Sentenza di Cassazione Penale Sez. 6 Num. 4186 Anno 2026
Penale Sent. Sez. 6 Num. 4186 Anno 2026
Presidente: COGNOME NOME
Relatore: COGNOME NOME
Data Udienza: 14/01/2026
SENTENZA
sul ricorso proposto dalla
parte civile COGNOME NOME, nato ad Andria il DATA_NASCITA
nel procedimento a carico di:
COGNOME NOME, nata ad Andria il DATA_NASCITA
avverso l’ordinanza in data 13/03/2025 della Corte di appello di Bari
visti gli atti, l’ordinanza impugnata e il ricorso;
udita la relazione del consigliere NOME COGNOME;
letta la requisitoria scritta del Pubblico Ministero, in persona del AVV_NOTAIO, che ha concluso per l’accoglimento del ricorso con annullamento senza rinvio dell’ordinanza impugnata, disponendo la trasmissione degli atti alla Corte di appello di Bari per l’ulteriore corso.
RITENUTO IN FATTO
Con sentenza in data 12 novembre 2024 la Corte di appello di Bari, in riforma della sentenza del giudice dell’udienza preliminare del Tribunale di Trani in data 1 giugno 2023, appellata dall’imputata COGNOME NOME e dalla parte civile COGNOME NOME, assolveva l’imputata dal reato ascrittole di cui all’art. 372 cod. pen. perché il fatto non sussiste e condannava la parte civile appellante al pagamento delle spese processuali del grado.
Con ordinanza in data 13 marzo 2025 la Corte di appello di Bari, decidendo su istanza dell’imputata, ordinava la correzione dell’errore materiale esistente nel dispositivo della sentenza emessa dalla stessa Corte in data 12 novembre 2024 nei confronti di COGNOME NOME, così che dopo le parole “processuali del grado”, dovesse leggersi ed intendersi inserita la frase: “Condanna la parte civile appellante alla rifusione delle spese sopportate dall’imputata per la difesa nel presente giudizio, che liquida in complessivi euro 1.200,00, oltre iva c.p.a. e rimborso spese nella misura del 15%”.
Avverso la predetta ordinanza, nell’interesse della parte civile COGNOME NOME, è stato proposto dal suo difensore di fiducia ricorso con il quale si prospettano tre motivi, che si riassumono sinteticamente ai sensi dell’art. 173 disp. att. cod. proc. pen.
3.1. Con il primo motivo si deduce inosservanza di norme stabilite a pena di nullità (art. 606, comma 1, lett. c) e b), cod. proc. pen.) in relazione agli artt. 1 e 130 cod. proc. pen. per avere la Corte di appello illegittimamente disposto la correzione del dispositivo della sentenza senza avvisare le parti e conseguente nullità ex art. 178, lett. c), cod. proc. pen. del relativo provvedimento.

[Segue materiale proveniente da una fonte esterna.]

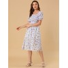 Allegra K Women's Cottagecore Floral Square Neck Puff Sleeves Summer Midi Smocked Dress - 1 of 4
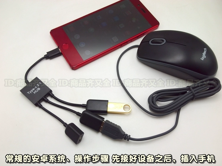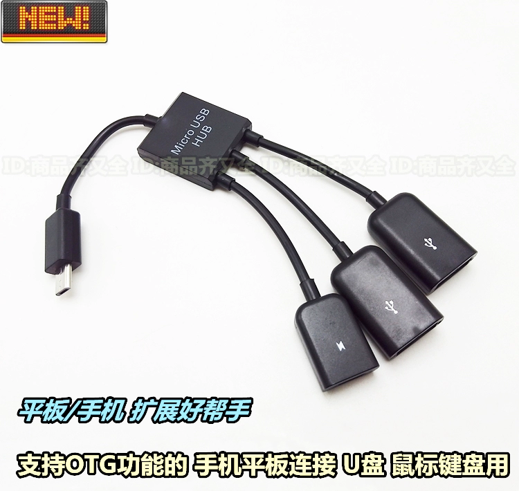 Android micro mobile phone tablet OTG data cable one to three dual USB otg mouse keyboard with power supply

Si assume che l’ordinanza impugnata veniva emessa inaudita altera parte, sulla base della semplice sollecitazione della difesa dell’imputata.
3.2. Con il secondo motivo si deduce violazione di legge (art. 606, comma 1, lett. b), cod. proc. pen.), in relazione agli artt. 130, comma 1, e 547 cod. proc. pen. La competenza ad emendare l’errore apparterrebbe al medesimo giudice, persona fisica, che ha emesso il provvedimento. Nel caso di specie, l’ordinanza impugnata risulta emessa da collegio composto in maniera diversa da quello che pronunciava la sentenza emendata.
3.3. Con il terzo motivo si deduce inosservanza di norme processuali stabilite a pena di nullità e violazione di legge (art. 606, comma 1, lett. c) e b), cod. proc. pen.), in relazione agli artt. 125, 127, 178, 179 e 605 cod. proc. pen. Ferme
restando le doglianze afferenti al quomodo della procedura di correzione di errore materiale adottata dalla Corte di appello, occorre avere riguardo anche all’an. Nella fattispecie si sarebbe dinanzi ad una rettifica incidente sul contenuto intrinseco della decisione ed implicante una valutazione discrezionale sull’an debeatur da parte del collegio giudicante, atteso che non sussisterebbe un automatismo ed un’inderogabilità in ordine all’ammontare di tali spese, potendo il giudice fare luogo ad una compensazione totale o parziale per soccombenza, ovvero potendole determinare diversamente ‘ con riferimento agli onorari, determinati, come è noto, dalle tariffe professionali entro un minimo ed un massimo. La giurisprudenza di legittimità avrebbe chiarito inequivocabilmente che in tema di correzione degli errori materiali deve ritenersi esclusa l’applicabilità dell’art. 130 cod. proc. pen quando la correzione si risolve nella modifica essenziale o nella sostituzione di una decisione già assunta.
Il procedimento si è svolto con trattazione scritta ai sensi dell’art. 611 cod. proc. pen. e ha inviato requisitoria scritta il solo AVV_NOTAIO AVV_NOTAIO, concludendo come in epigrafe riportato.
CONSIDERATO IN DIRITTO
Il ricorso è fondato nei termini di seguito precisati.
Cominciando dal secondo motivo, lo stesso è privo di pregio.
Ai sensi dell’art. 130, comma 1, cod. proc. pen. la competenza a disporre la correzione delle sentenze, delle ordinanze e dei decreti, inficiati da errori ed omissioni che non determinano nullità, e la cui eliminazione non comporta una modificazione essenziale dell’atto, spetta al giudice che ha emesso il provvedimento, salvo che il provvedimento sia stato impugnato, e l’impugnazione non sia dichiarata inammissibile, poiché in questo caso la competenza spetta al giudice dell’impugnazione.
Trattasi, come è noto, di competenza funzionale, la cui violazione comporta nullità assoluta dell’atto di correzione dell’errore materiale adottato dal giudic incompetente (Sez. 3, n. 18296 del 04/03/2020, Rv. 279236-01 e Sez. 1, n. 10311 del 22/01/2020, Rv. 278689-01).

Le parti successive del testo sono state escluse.